El ‘factor Venezuela’ no es menor y este grupo se incorporó al proyecto de esta aerolínea en 2017 haciéndose con cerca del 48 por ciento de la propiedad. Al cabo de algunos meses, Plus Ultra, que había volado previamente para Cubana de Aviación en una desastrosa operación comercial y económica, llegaba a Venezuela ofreciendo vuelos entre Madrid y Caracas, que luego también se ampliaron a Tenerife desde la capital venezolana, donde los directivos incidieron en el agradecimiento personal a Nicolás Maduro Moros, presidente de la Republica Bolivariana de Venezuela, su implicación para llevar adelante el proyecto.
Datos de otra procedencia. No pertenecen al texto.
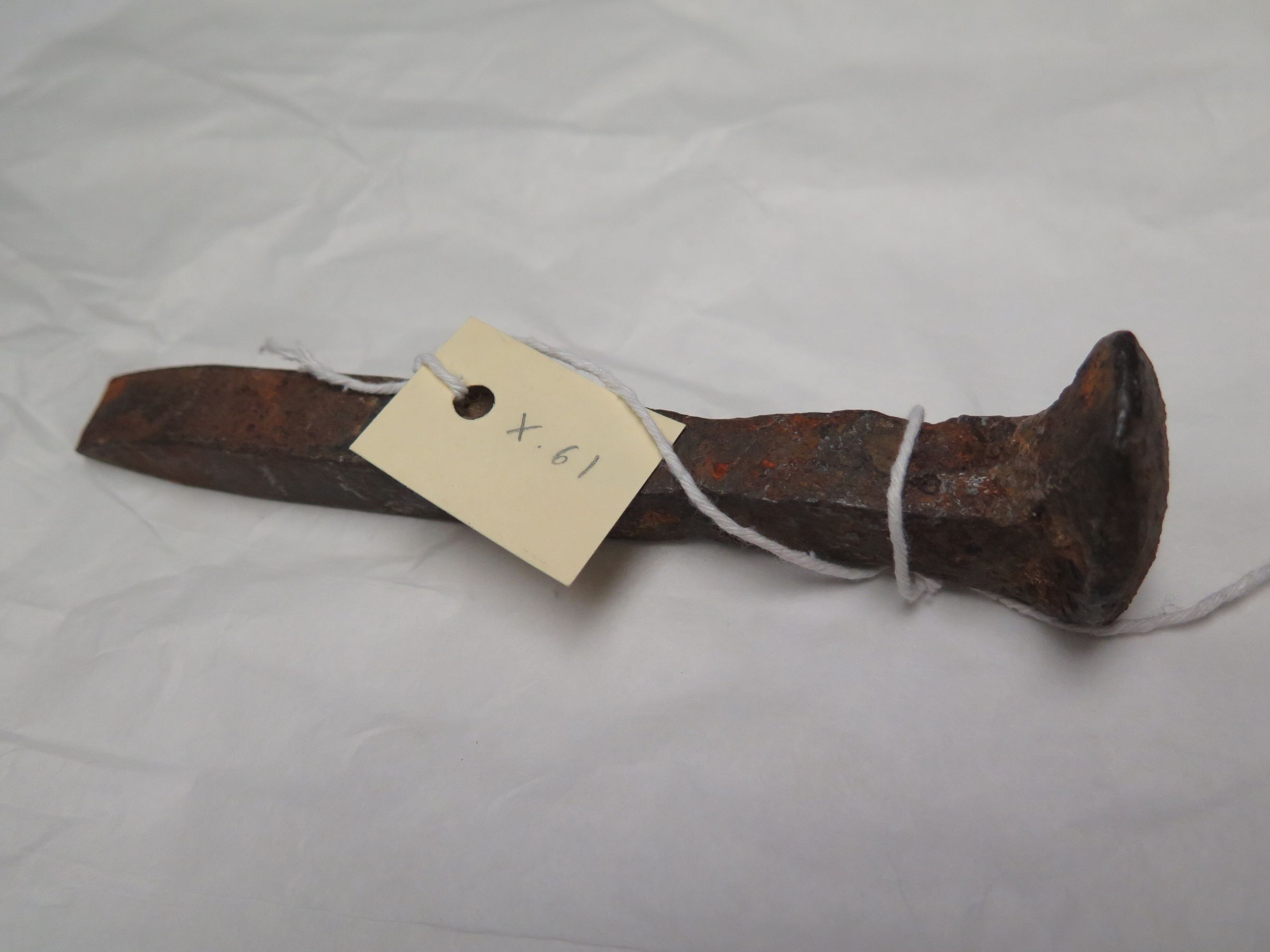 This is a rusty metal railroad spike. The spike measures 1" (w) x 6.5" (l).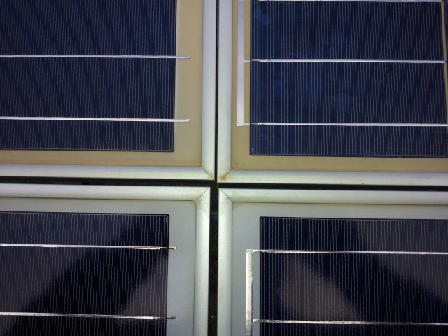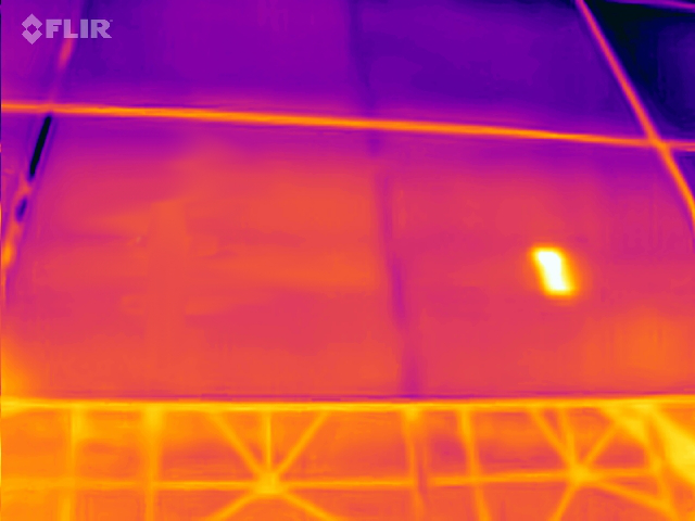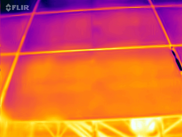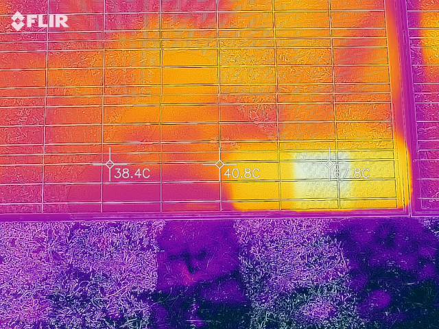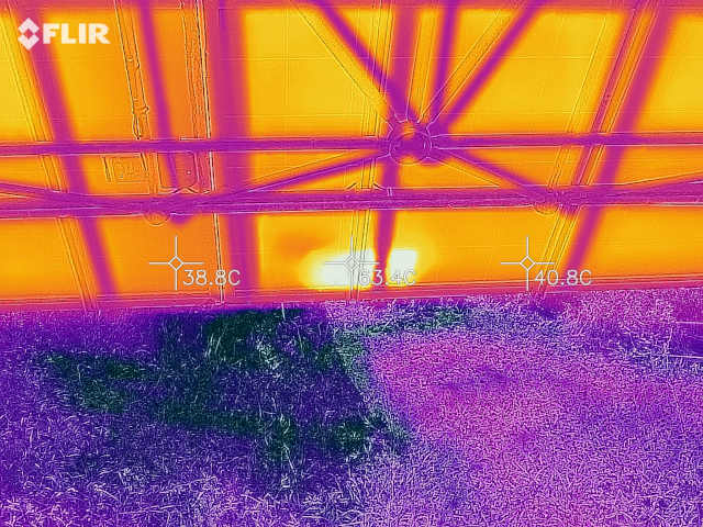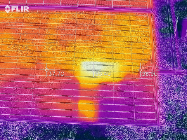 Indicative color-coded thermal images of photovoltaic panels with hotspots are shown in the following photos. Yellow colored areas are areas with higher temperatures.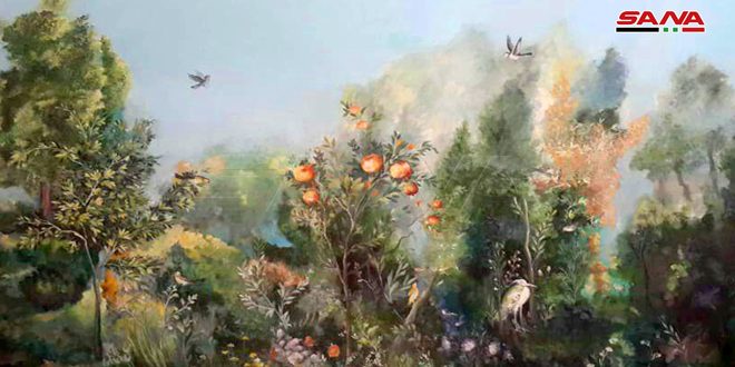 حمص-سانا تجمع الفنانة التشكيلية رشا شمه بين الرسم والأعمال اليدوية في صورة تتماهى مع الطبيعة …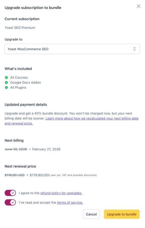 In the pop-up screen, you’ll see the details of the upgrade, including your current subscription, upgrade options, next billing date and next renewal price. Tick the boxes to agree to the upgrades refund policy and the terms of service. Then, click on Upgrade to bundle.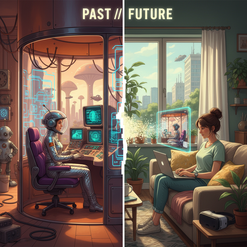 Photo with retro-futuristic split-screen: on one side, old-fashioned cubicle workers; on the other, a remote gig worker at home, visually representing the evolution of temporary support models.

Con estos mimbres, obviamente, la polémica está servida: una compañía prácticamente desconocida es la segunda del sector turístico y de viajes que recibe ayudas públicas directas tras Air Europa por ser consideradas ambas de importancia estratégica. Resulta ocioso hacer una comparación entre el peso que tiene una y otra en el escenario de la aviación nacional. Por otro lado está el factor de que la compañía a la que se da un apoyo de un gran volumen en proporción a su importancia, ha sido una forma que desde su creación siempre ha arrastrado perdidas.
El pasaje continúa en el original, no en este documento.